Information locked away inside monolithic application silos has proven to be a stubborn obstacle to the flexibility that modern businesses require. If businesses are to have any hope of building flexible services that offer the performance and agility needed to succeed with SOA, those businesses must solve the technical challenge of accessing information – that is, data – across application platforms and their organization as a whole.

System architects who fail to devote sufficient planning to data access issues and attempt to layer a service-oriented approach on top of their existing data sources often find that providing flexibility above the service abstraction requires complex changes at the data source level, impeding the agility they sought and thereby undermining one of the core rationales for implementing SOAs in the first place.

In traditional distributed architectures, developers write a data access code, which they might then seek to make reusable. However, if a problem exists with this data access code, that problem essentially becomes propagated with adverse impact on any application that requires access to that particular data source.
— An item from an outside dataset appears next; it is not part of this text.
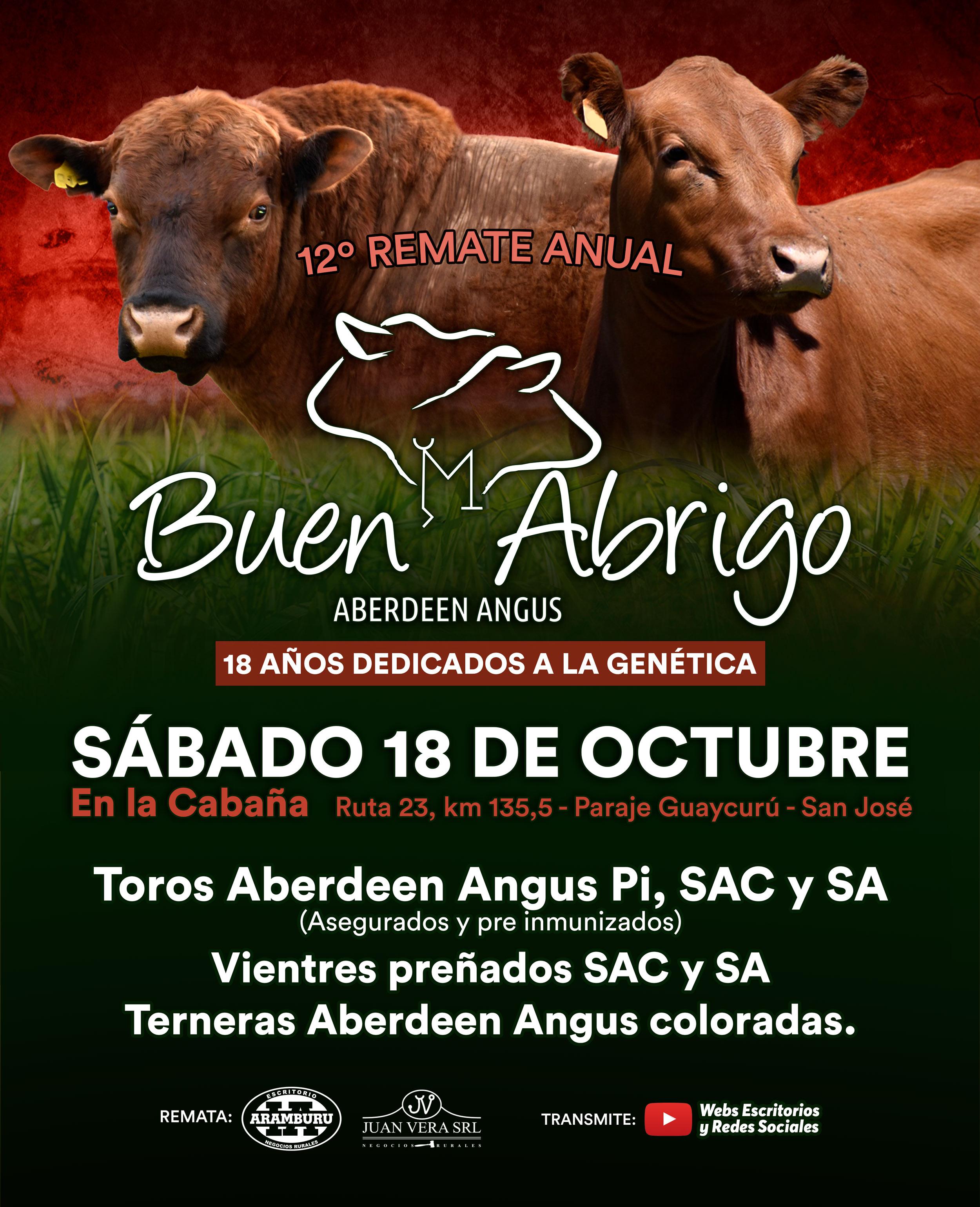 Sábado 18 de Octubre se llevará a cabo el 12º Remate Anual de Cabaña Buen Abrigo en en la propia Cabaña, Ruta 23, km 135,5 - Paraje Guaycurú - San José.

Furthermore, whenever anything changes — including the underlying database, the data model, or the version of the coding environment being used — the data access code must be updated everywhere it appears.
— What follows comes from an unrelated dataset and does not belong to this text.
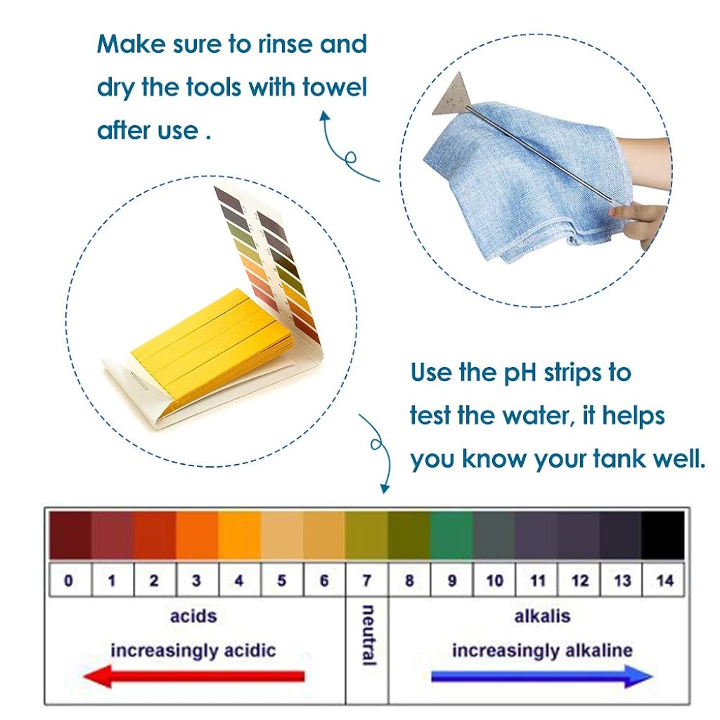 - SERVICE WARRANTY: Your satisfaction is our lifetime goal. We are committed to providing you with the most satisfactory products. The package includes 5 aquascape tools with 100 strips PH Tester. If you discover some parts missing when you receive it, contact us, we promise to resend it.

Considering that data sources can range from all kinds of structured data stores (such as relational databases, mainframe data sources, and enterprise applications) to semi- or unstructured data such as Web pages, PDF documents, office application files, XML documents, e-mail, media content, print streams, or a wide variety of content and data feeds and formats, it becomes clear that accessing and processing all these disparate types of information from so many disparate sources via the tightly coupled approach of traditional distributed data access would constitute a technical support challenge of monumental proportions.

Properly architected SOA presents both business functionality and data as abstracted services. Applied to data access, if access is abstracted as data services and the access code moved into supporting infrastructure, then problems can be addressed and changes can be supported throughout the environment in a much more loosely coupled and flexible manner. In essence, the data services layer provides a single abstracted point of access for all data access, update, and creation operations, providing a holistic view of the data models that the underlying persistence layer relies on. It acts as a bridge between the business services and the underlying data persistence layer; business users needn’t concern themselves with whether the data they are consuming originated in the database, an enterprise application, a file system, another company, or anywhere else for that matter. This promise of ubiquitously accessible data freed from the constraints of its sources is liberating for companies as they struggle with the challenges of systems integration.
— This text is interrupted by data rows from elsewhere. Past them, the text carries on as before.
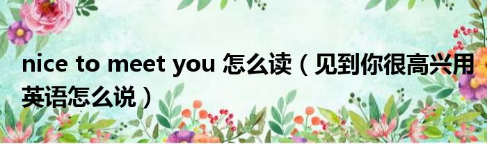 nice to meet you 怎么读(见到你很高兴用英语怎么说)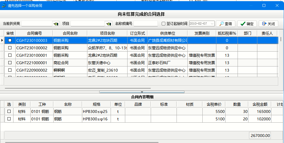 單據點擊付款,生成一張付款申請單(單據執行同一個合同,或者都不執行合同)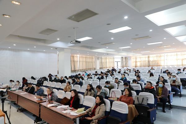 12月16日下午,物理与电子科学学院在闵行校区三教109报告厅召开全院教职工大会。因疫情防控需要,本次会议采用线上线下结合的方式进行。上海市学习贯彻党的十九届五中全会精神宣讲团成员奚洁人教授上专题党课,孟宪承书院副院长梁宏亮应邀参会,学院师生约350人参加。会议由学院党委书记李恺主持。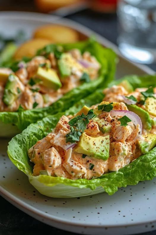 4. Serve: Spoon the freshly prepared Avocado Chicken Salad into the cold, crisp lettuce cups. Serve immediately and enjoy your light, refreshing, and delicious meal!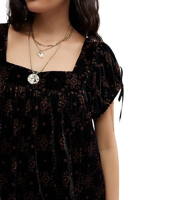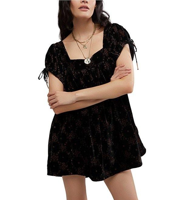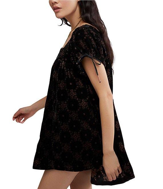 Free People Velvet Summer Camp Floral Square Neck Short Sleeve Tunic

A data services layer must provide an interface that exposes a standard set of reusable data services for reading and writing data, independent from the underlying data sources. The loose coupling it enables between applications using the services and the underlying data source providers lets database architects modify, combine, relocate, or even remove underlying data sources from the data services layer without requiring changes to the interfaces that the data services expose. As a result, the architects can retain control over the structure of their data while providing relevant information to the applications that need it. Over time, this increased flexibility eases the maintenance of enterprise applications.

Before the advent of SOA, developers built the capabilities that the abstracted data service layer could provide using manual coding, tightly embedding that code into the application under construction. Embedding such data access and data abstraction code directly into applications limits the flexibility and reusability of the resulting applications and, as a result, enterprises looked to traditional middleware such as Extract, Transform, Load (ETL), and Enterprise Application Integration (EAI) products to provide the capabilities of the data service layer from a middleware perspective. The ETL approach is best suited to static applications that don’t require the flexibility that SOA can provide. It can be costly, as well, and requires a high management overhead. The EAI approach centralizes data interaction logic, but still fails to provide the flexibility many organizations require from their data services layer.

Even when an organization is implementing true SOA, however, a poorly architected data services layer can lead to performance issues. In many cases, each application has its own database which contains a duplicate copy of business reference data such as customer information, product information, and inventory levels, as shown in Figure 1.

The organization must synchronize such databases on a regular schedule, which can lead to stale or inconsistent data between applications. In this case, even when an organization has exposed application functionality as loosely coupled services the persistence tier still limits the flexibility and reusability of the services. Incorporating a data services layer into the SOA implementation addresses this problem. Data services offer transaction and connection management to multiple applications, as shown in Figure 2.

The data services layer manages the relationships between the data services and ensures that each application is aware of all data changes, regardless of the cause of the change. Leveraging data services as infrastructure services beneath the business service abstraction increases reusability and flexibility, and shortens development and rollout time for new services. A well-architected data services layer relies on consistent, high-performance data access middleware that leverages industry-standard APIs such as ODBC, JDBC, ADO.NET, and SDO.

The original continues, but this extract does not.